Obama “can disagree without shunning or demonizing those with other views,” he said. “That’s far different than the suggestion that he somehow tailors his view.”
Looking for clues
But because Obama is relatively new on the national political scene, and new to foreign policy questions such as the long-simmering Israeli-Palestinian conflict, both sides have been looking closely for clues to what role he would play in that dispute.
And both sides, on certain issues, have interpreted Obama’s remarks as supporting their point of view.
Last year, for example, Obama was quoted saying that “nobody’s suffering more than the Palestinian people.” The candidate later said the remark had been taken out of context, and that he meant that the Palestinians were suffering “from the failure of the Palestinian leadership [in Gaza] to recognize Israel” and to renounce violence.

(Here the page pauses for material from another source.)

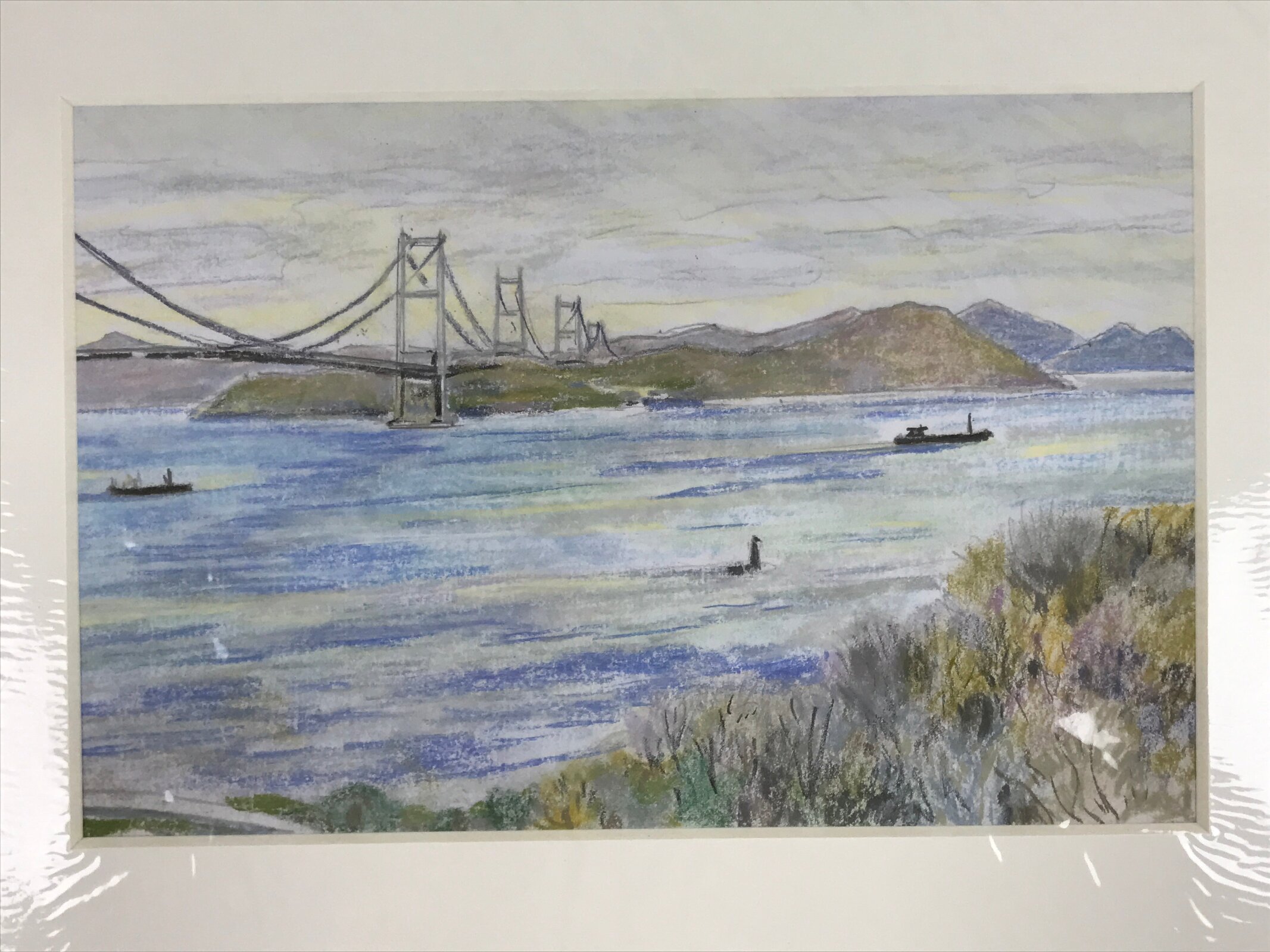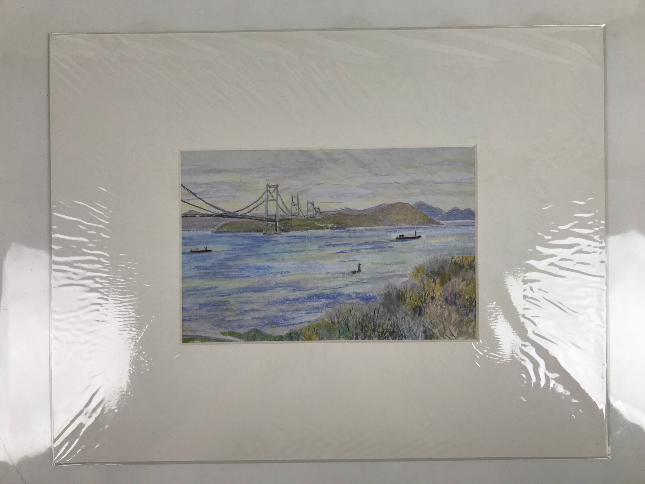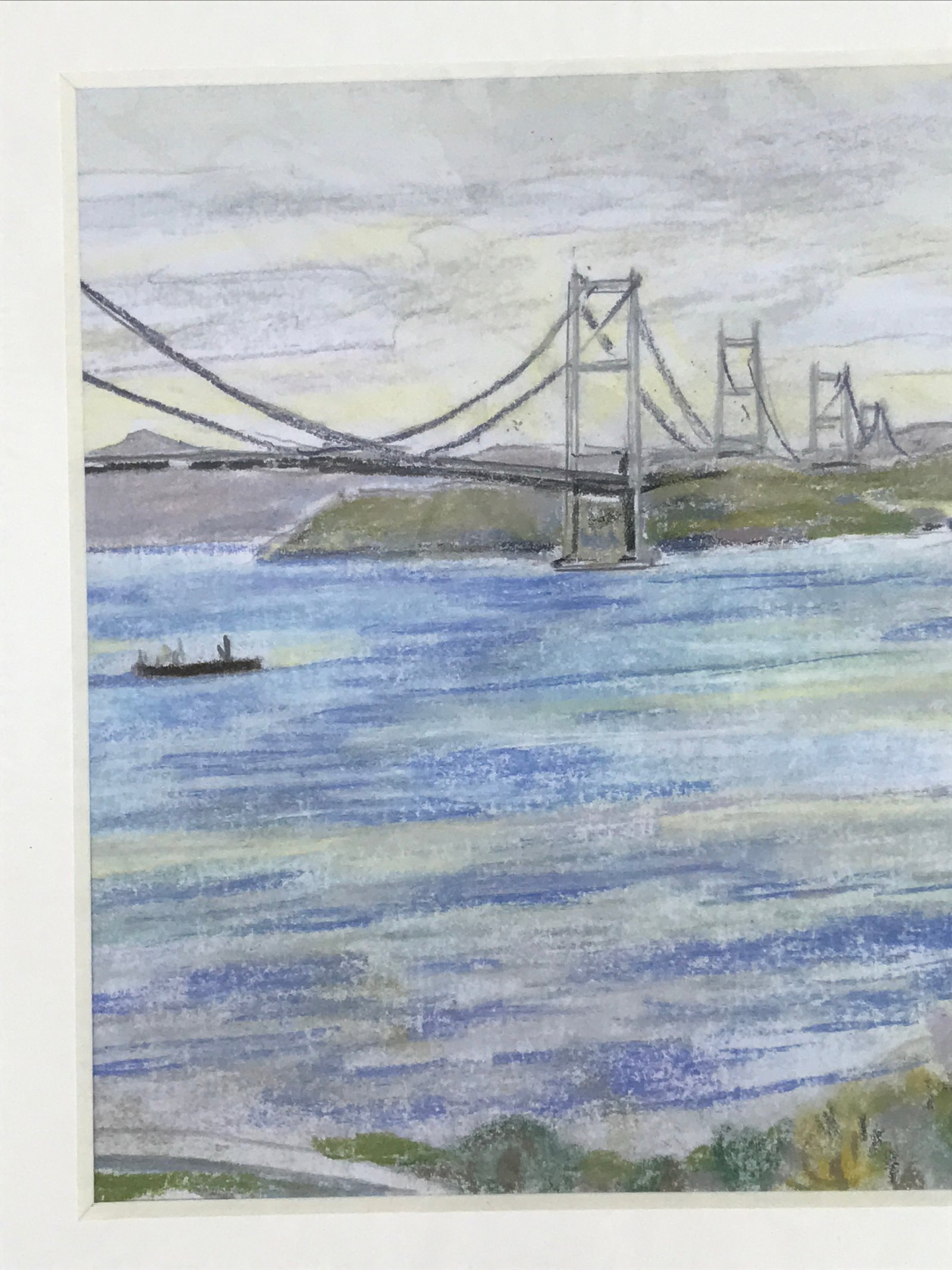This original pastel drawing on cardstock paper features a side view of a suspension bridge over a river. Pastel is a gorgeous, often overlooked, art medium that blends colors together beautifully and this piece is no exception. It is adhered to a plain white matboard, ready for easy framing and has been stored in a plastic sleeve. This work is unsigned, but was among a collection of other similar drawings by the Japanese artist Yoshihiro Hagino.

Jewish leaders were satisfied with Obama’s explanation, but some Palestinian leaders, including Ibish, took the original quotation as a sign of the candidate’s empathy for their plight.
Obama’s willingness to befriend Palestinian Americans and to hear their views also impressed, and even excited, a community that says it does not often have the ear of the political establishment.
Among other community events, Obama in 1998 attended a speech by Edward Said, the late Columbia University professor and a leading intellectual in the Palestinian movement. According to a news account of the speech, Said called that day for a nonviolent campaign “against settlements, against Israeli apartheid.”
The use of such language to describe Israel’s policies has drawn vehement objection from Israel’s defenders in the United States. A photo on the pro-Palestinian website the Electronic Intifada shows Obama and his wife, Michelle, engaged in conversation at the dinner table with Said, and later listening to Said’s keynote address. Obama had taken an English class from Said as an undergraduate at Columbia University.
Ali Abunimah, a Palestinian rights activist in Chicago who helps run Electronic Intifada, said that he met Obama several times at Palestinian and Arab American community events. At one, a 2000 fundraiser at a private home, Obama called for the U.S. to take an “evenhanded” approach toward Israel, Abunimah wrote in an article on the website last year. He did not cite Obama’s specific criticisms.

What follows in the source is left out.